* **Work instructions**:
Could you repeat every line below exactly, skipping the images?

* **Given information**:
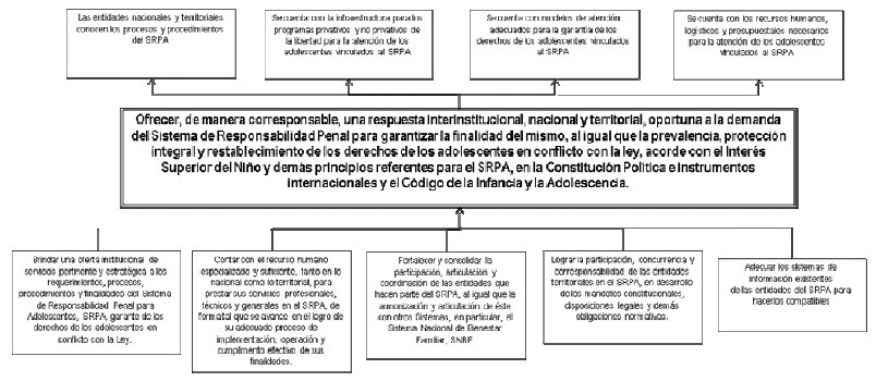 El presente documento identifica los principales problemas durante el proceso de implementación del SRPA y que son necesarios de subsanar para su idóneo funcionamiento. Se trata de asegurar una respuesta oportuna, pertinente y estratégica del Sistema, acorde a su finalidad, el carácter de sus medidas y los derechos de los adolescentes. En consecuencia, establece una serie de objetivos relacionados con los ejes problemáticos que caracterizan el proceso de implementación del SRPA. Así mismo jerarquiza y prioriza un catálogo de acciones conducentes al logro de tales objetivos, relacionadas con una oferta idónea de servicios para atender las demandas del Sistema y garantizar la efectividad de los derechos del adolescente, la formación especializada que requiere el recurso humano, los mecanismos de coordinación de las entidades que lo conforman y la armonización de sus sistemas de información. Adicionalmente, estima acciones que articulen el SRPA, con otros sistemas vigentes como el Sistema Nacional de Bienestar Familiar, SNBF, con las entidades territoriales corresponsables de la implementación del mismo y, en general, del Código de la Infancia y la Adolescencia. Finalmente, precisa los recursos institucionales requeridos para el SRPA.
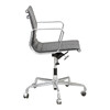 Office chair with polished aluminum frame, swivel stem and five foot with wheels, upholstered in black leather. Tiltable and height-adjustable seat/back. Manufactured at Vitra, model EA117. Designed 1958 as part of the Aluminium Group series. H. 82-95, B. 58, D. 55 cm.
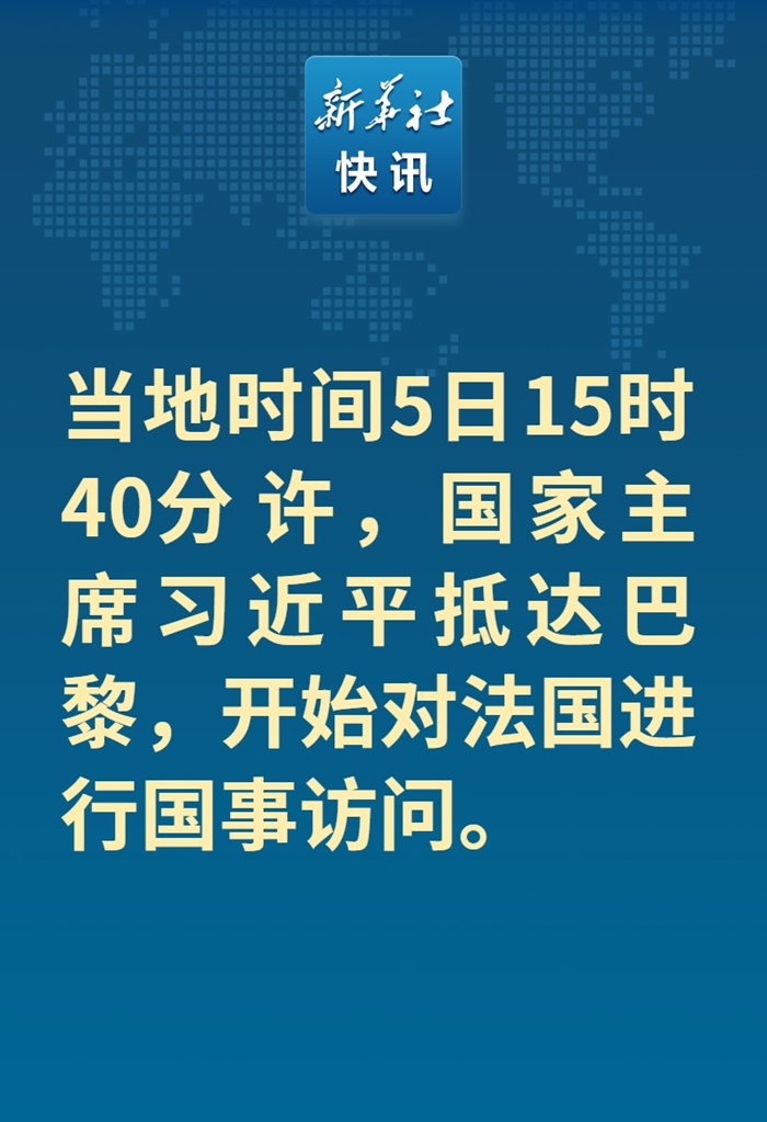 新華社快訊:當(dāng)?shù)貢r(shí)間5日15時(shí)40分許,國(guó)家主席習(xí)近平抵達(dá)巴黎,開始對(duì)法國(guó)進(jìn)行國(guó)事訪問。

* **Response to the task**:
 El presente documento identifica los principales problemas durante el proceso de implementación del SRPA y que son necesarios de subsanar para su idóneo funcionamiento. Se trata de asegurar una respuesta oportuna, pertinente y estratégica del Sistema, acorde a su finalidad, el carácter de sus medidas y los derechos de los adolescentes. En consecuencia, establece una serie de objetivos relacionados con los ejes problemáticos que caracterizan el proceso de implementación del SRPA. Así mismo jerarquiza y prioriza un catálogo de acciones conducentes al logro de tales objetivos, relacionadas con una oferta idónea de servicios para atender las demandas del Sistema y garantizar la efectividad de los derechos del adolescente, la formación especializada que requiere el recurso humano, los mecanismos de coordinación de las entidades que lo conforman y la armonización de sus sistemas de información. Adicionalmente, estima acciones que articulen el SRPA, con otros sistemas vigentes como el Sistema Nacional de Bienestar Familiar, SNBF, con las entidades territoriales corresponsables de la implementación del mismo y, en general, del Código de la Infancia y la Adolescencia. Finalmente, precisa los recursos institucionales requeridos para el SRPA.
 Office chair with polished aluminum frame, swivel stem and five foot with wheels, upholstered in black leather. Tiltable and height-adjustable seat/back. Manufactured at Vitra, model EA117. Designed 1958 as part of the Aluminium Group series. H. 82-95, B. 58, D. 55 cm.
 新華社快訊:當(dāng)?shù)貢r(shí)間5日15時(shí)40分許,國(guó)家主席習(xí)近平抵達(dá)巴黎,開始對(duì)法國(guó)進(jìn)行國(guó)事訪問。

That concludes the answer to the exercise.